• **Information shown**:
● ● ● ● ●

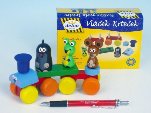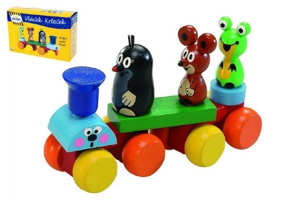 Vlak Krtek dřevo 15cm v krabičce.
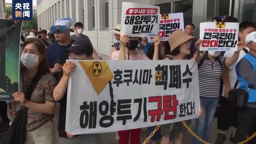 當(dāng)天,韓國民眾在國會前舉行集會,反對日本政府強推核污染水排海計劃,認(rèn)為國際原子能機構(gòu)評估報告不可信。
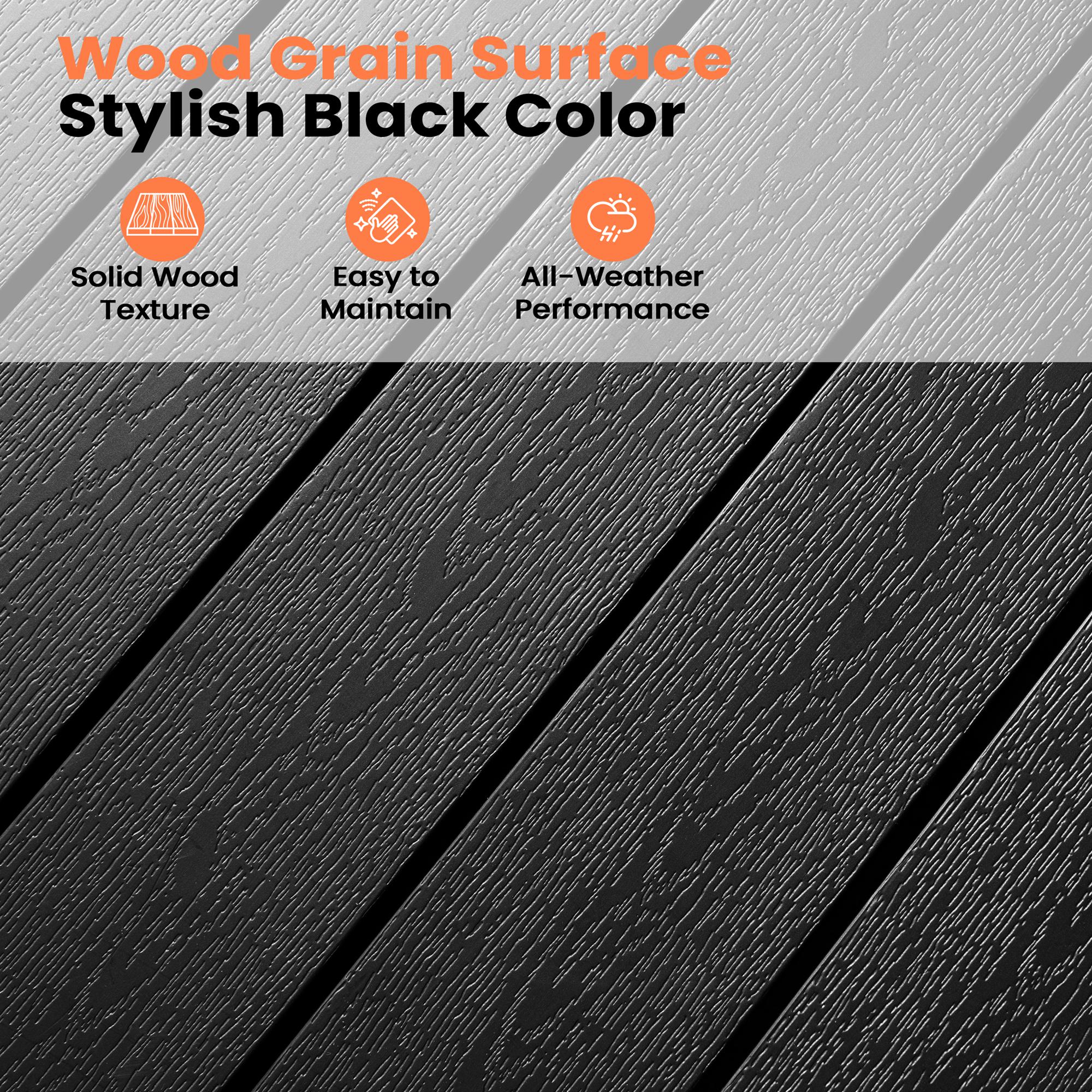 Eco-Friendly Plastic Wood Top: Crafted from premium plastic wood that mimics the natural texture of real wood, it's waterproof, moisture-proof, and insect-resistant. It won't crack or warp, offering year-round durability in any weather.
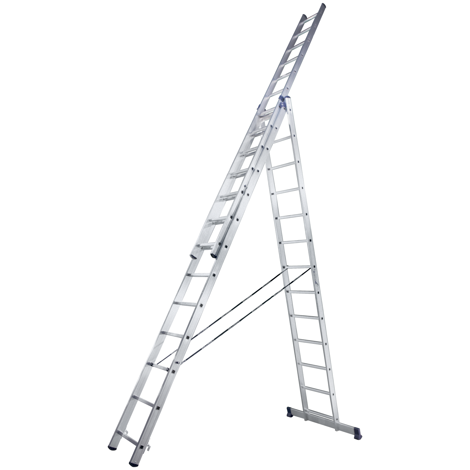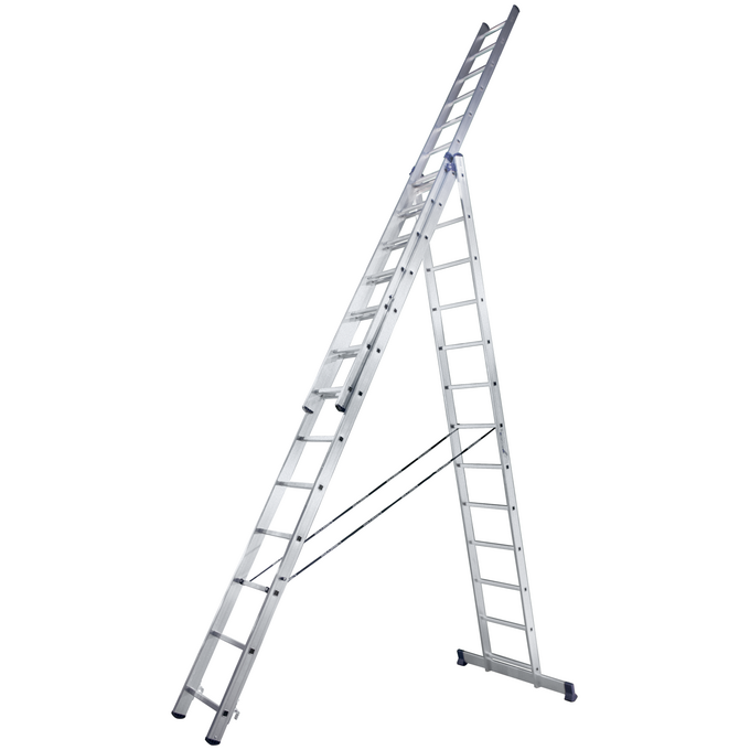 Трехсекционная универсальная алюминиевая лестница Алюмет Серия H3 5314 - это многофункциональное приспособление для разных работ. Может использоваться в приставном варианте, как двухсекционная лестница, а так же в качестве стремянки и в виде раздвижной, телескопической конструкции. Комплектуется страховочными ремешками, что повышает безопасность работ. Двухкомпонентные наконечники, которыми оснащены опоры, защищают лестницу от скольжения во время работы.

● ● ● ● ●

• **Work to be completed**:
Give back exactly the lines above that run from the one with "當(dāng)天,韓國民眾在" to the one with "Eco-Friendly Plastic Wood", including both, with the pictures left out.

• **Written solution**:
 當(dāng)天,韓國民眾在國會前舉行集會,反對日本政府強推核污染水排海計劃,認(rèn)為國際原子能機構(gòu)評估報告不可信。
 Eco-Friendly Plastic Wood Top: Crafted from premium plastic wood that mimics the natural texture of real wood, it's waterproof, moisture-proof, and insect-resistant. It won't crack or warp, offering year-round durability in any weather.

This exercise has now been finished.